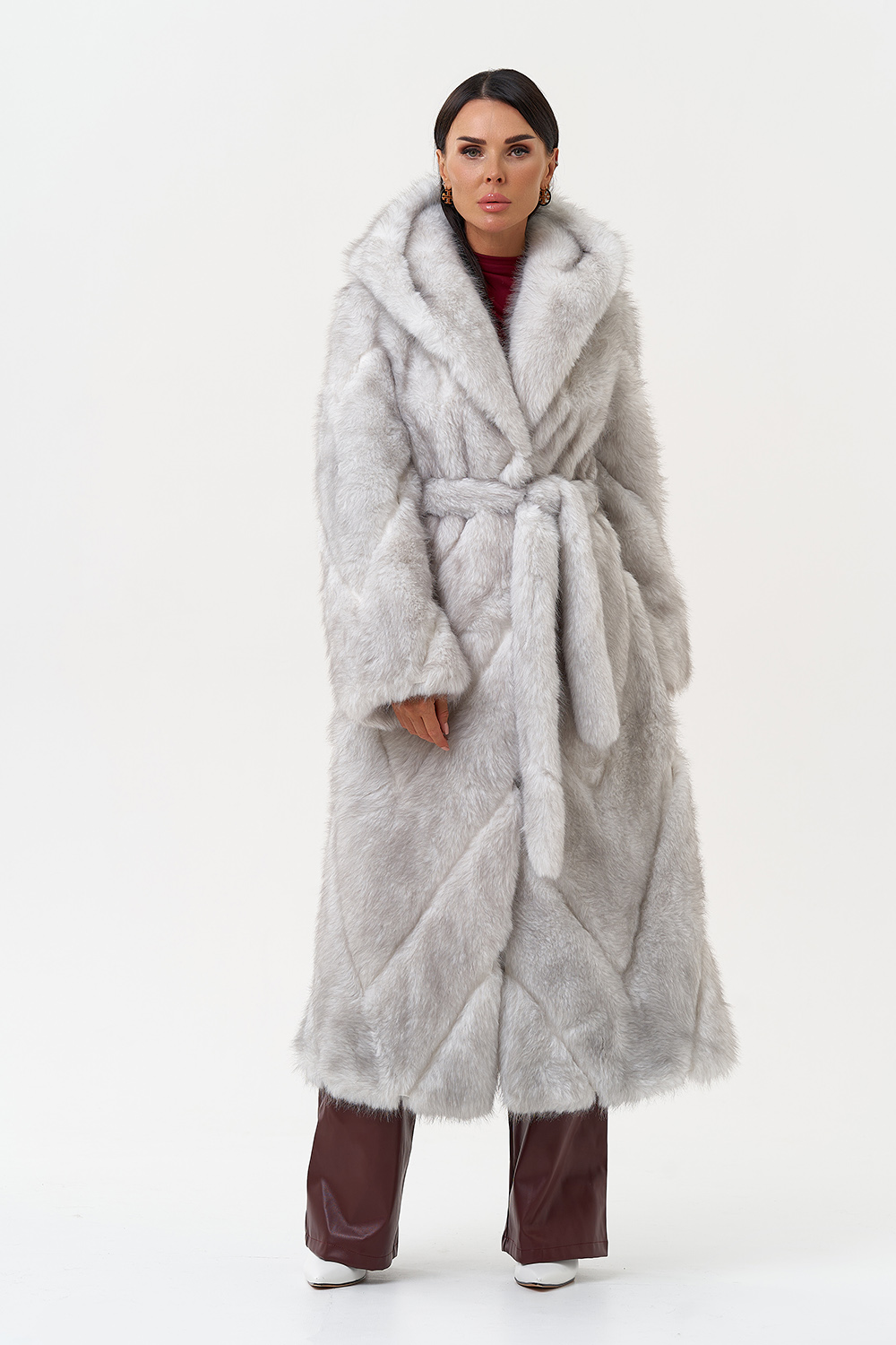 Фасон - прямой Длина изделия - 125 см Цвет - светло-серый (лед) Материал - экомех Состав полотна - полиэстер 100% Подкладка - полиэстер 100% Вид застежки -крючки, пояс Вид ворота - капюшон Фасон рукава - встачной, длинный |
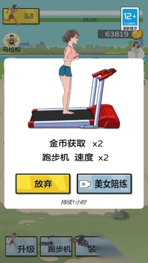 1、进入游戏后先选择合适的锻炼方式,比如跑步机或健身训练,提升角色的基础跑步能力与耐力。
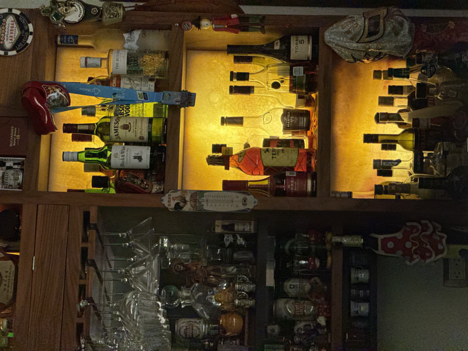A well-stocked, illuminated home bar features rows of various liquor bottles
_ _ _
## Directions for this task
Every line of the listing is to be retyped exactly; pictures stay out.

## Finished task
 Фасон - прямой Длина изделия - 125 см Цвет - светло-серый (лед) Материал - экомех Состав полотна - полиэстер 100% Подкладка - полиэстер 100% Вид застежки -крючки, пояс Вид ворота - капюшон Фасон рукава - встачной, длинный |
 1、进入游戏后先选择合适的锻炼方式,比如跑步机或健身训练,提升角色的基础跑步能力与耐力。
A well-stocked, illuminated home bar features rows of various liquor bottles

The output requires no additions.